Scientists have finally solved the puzzle of the mysterious Wallace Line that runs through Indonesia, providing an explanation for the uneven distribution of animal species on either side of this boundary. This invisible but impactful line, first mapped out by British naturalist Alfred Russel Wallace more than 160 years ago, has puzzled researchers for centuries. But now, a new study sheds light on its origin and the factors that shaped it.
The Wallace Line
You've likely heard of famed naturalist Charles Darwin, but not a lot of people know that Alfred Russel Wallace, also a British naturalist, independently proposed a theory of evolution due to natural selection around the same time as Darwin. He is best known, however, for something you might find quite intriguing: the Wallace Line.

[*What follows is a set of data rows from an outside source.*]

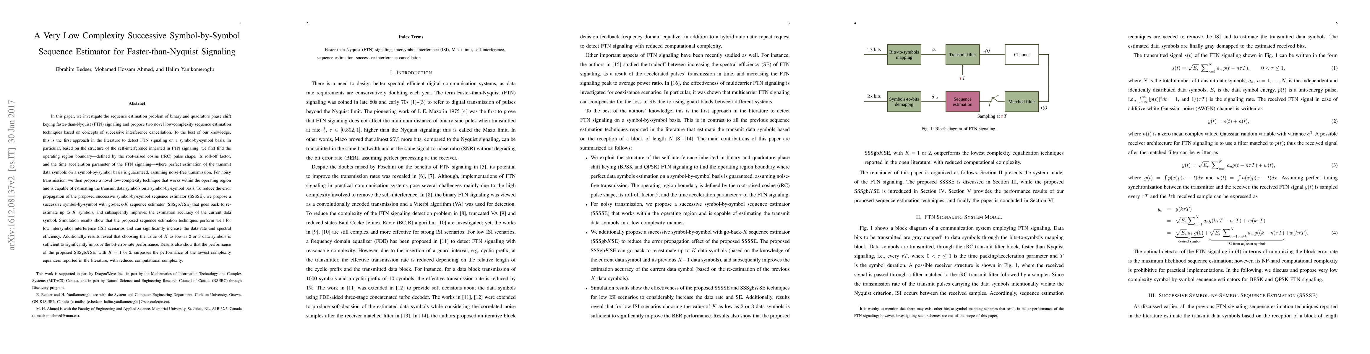 This paper proposes low-complexity sequence estimation techniques for faster-than-Nyquist signaling, introducing a novel successive symbol-by-symbol estimator and a go-back-$K$ method to improve accuracy. The techniques achieve high data rates and spectral efficiency with reduced computational complexity.
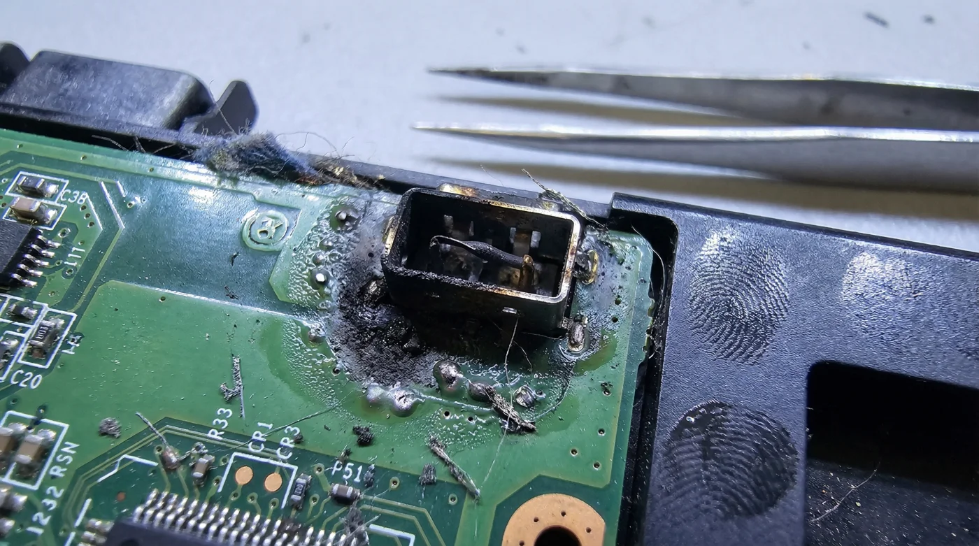 Cuando conectas un cargador falso, a menudo ese pin central es solo un trozo de metal inútil, o simplemente carece del microcircuito interno (una resistencia específica) que envía la firma correcta. Tu laptop, esperando un saludo amable y estructurado, recibe de golpe un torrente de voltaje crudo directamente en el chip de control de carga (el KBC o Super I/O). Al no haber moderación, el resultado es un cortocircuito que funde literalmente las pistas de cobre de tu placa base.
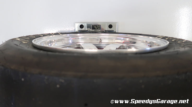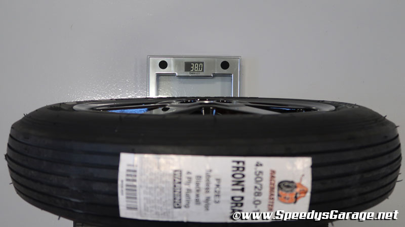 All in the rear tire setup weighed in at 42 pounds and the front tire setup tipped the scales at 38 pounds. Total weight for all four wheels and tires was 160 pounds. The factory Brass Monkey wheels with Perelli all season tires came in at 246 pounds, so running the race wheel/tire combo saves 86 pounds!
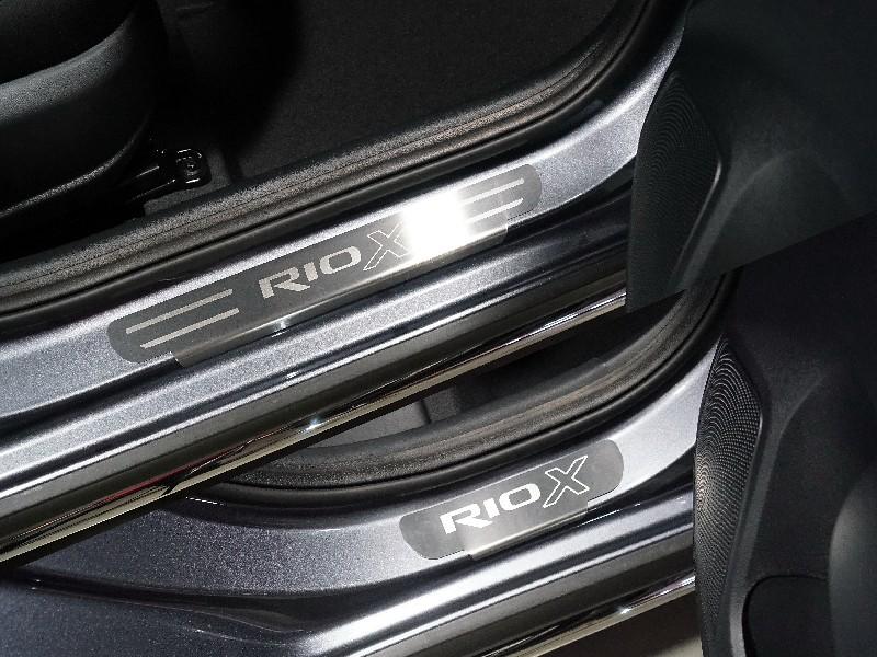 Накладки на пороги (лист шлифованный надпись RIO X) 4шт арт.KIARIOX20-08 из нержавеющей стали для Kia Rio X 2020. Помимо декоративной функции, накладки также помогут защитить штатный порог или бампер. Алюминиевые накладки просты в установке и не требуют специального ухода. Срок поставки накладок из алюминия производства TCC Тюнинг составляет 1-3 дня с момента заказа, в зависимости от наличия на складе, необходимо уточнять у менеджера.
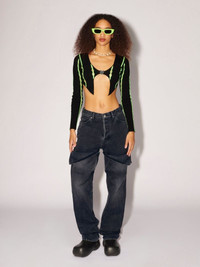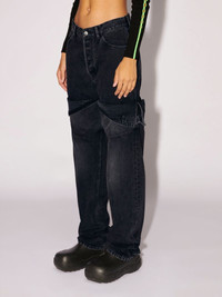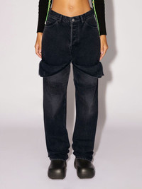 Made from a 100% cotton, these mid-rise denim pants feature detailing on the legs, two front and two back pockets, a button closure, a zip fly and belt loops. Product ID: BWYB008S23DEN0011200 SIZING MODEL SOPHIE WEARS SIZE 26 HEIGHT: 5’ 83” (178 CM) BUST: 32” (82 CM) WAIST: 25” (64 CM) HIPS: 35” (89 CM) MATERIAL FABRIC 100% COTTON
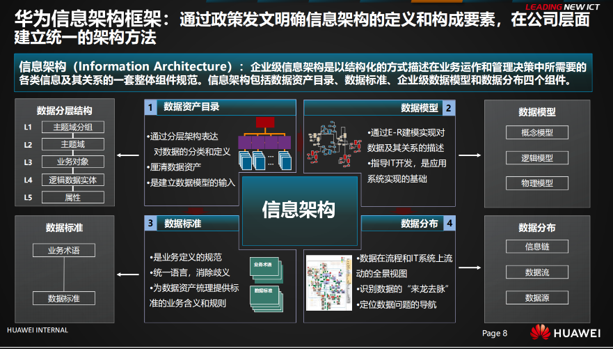 在数字化转型过程中对信息架构建设具有重要意义的企业需将信息架构设计与自身业务需求及发展战略紧密结合 该信息架构涵盖数据组件 应用组件 技术组件及管理组件四个关键组成部分 通过实施数字化的业务对象 过程与规则构建 在企业中实现业务流程优化与效率提升的目标得以达成
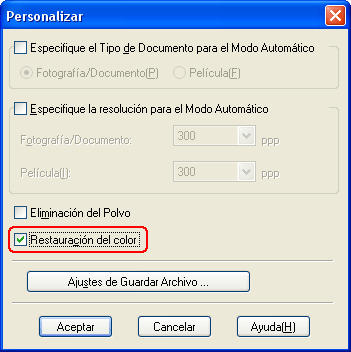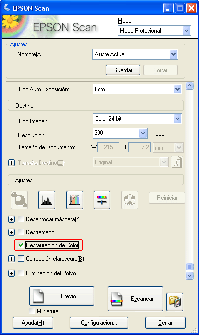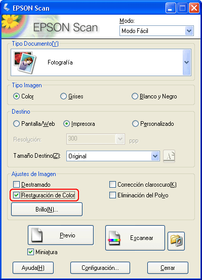 Siga estos pasos para restaurar los colores con Epson Scan.

In the 19th century, while on an expedition, Wallace noted a surprising contrast in animal species on either side of an invisible boundary running between the Indonesian islands of Borneo and Sulawesi. To the west, the islands— including Borneo, Java, and Sumatra— are home to animals commonly found in Southeast Asia. However, when you move east past the line to islands like Sulawesi, New Guinea, and the Moluccas, the animals are more akin to species found in Australia.
The Wallace Line delineates two distinct zones of animal and plant life. But the curious thing about this line is that it exists despite the geographical proximity of the islands. One might expect a gradual transition of species between areas so close, but that's not the case here.
This clear division of wildlife has puzzled scientists for over a century. Now, a new study may have finally explained the conundrum: extreme climate change triggered by tectonic activity around 35 million years ago played a crucial role in creating the Wallace Line.
Around that time, Australia drifted away from Antarctica and collided with Asia, causing significant changes in geography and also Earth's climate. The continental collision birthed the volcanic islands of Indonesia while also opening up a deep ocean surrounding Antarctica. In turn, this led to the formation of the Antarctic Circumpolar Current, which dramatically cooled the climate.
Stepping stones across Indonesia
The findings were made by biologists at the Australian National University (ANU) and ETH Zurich in Switzerland, who ran a computer model that predicts how this ancient tectonic event affected the range and diversification of species. This model revealed that the changing climate affected species differently on both sides of the Wallace Line.
If you travel to Borneo, you won't see any marsupial mammals, but if you go to the neighboring island of Sulawesi, you will. Australia, on the other hand, lacks mammals typical of Asia, such as bears, tigers or rhinos," Dr Alex Skeels, from ANU, said.
Although the global cooling caused by the merger of Australia and Asia unleashed a mass extinction event, the climate on the newly formed Indonesian islands was relatively welcoming for life: it was warm, wet, and tropical, much like today.
"So Asian fauna were already well-adapted and comfortable with these conditions, so that helped them settle in Australia," Skeels said.
"This was not the case for the Australian species. They had evolved in a cooler and increasingly drier climate over time and were therefore less successful in gaining a foothold on the tropical islands compared to the creatures migrating from Asia."
The researchers hope that their computer model can help forecast how modern-day climate change will impact living species. By understanding how species adapted to historical climate changes, scientists can better predict which species may be more adept at adapting to new environments in the future.
The Wallace Line serves as a demonstration of how geographical and geological factors can influence biodiversity. But it is not the only example. Closer to the Wallace Line, you'll find two other lines named after the scientists who discovered them: Weber's Line and Lydekker's Line.
Weber's line runs east of the Wallace Line and shows a gradual transition from Asian to Australian species. Further east is Lydekker's Line, which borders the edge of the Australian continent. Beyond this point, the species are predominantly Asian.
The Aïr and Ténéré Line is another fascinating biogeographical boundary. It runs through the Sahara Desert in Niger, separating the Western Saharan flora from the Eastern Saharan flora. Despite the harsh conditions, the regions on either side of this line boast different plant species adapted to their specific environments.
As the climate shifts at an alarming pace, it has perhaps never been more important to study these lines. Although their boundaries may be invisible, their impact is very much real.
The findings appeared in the journal Science.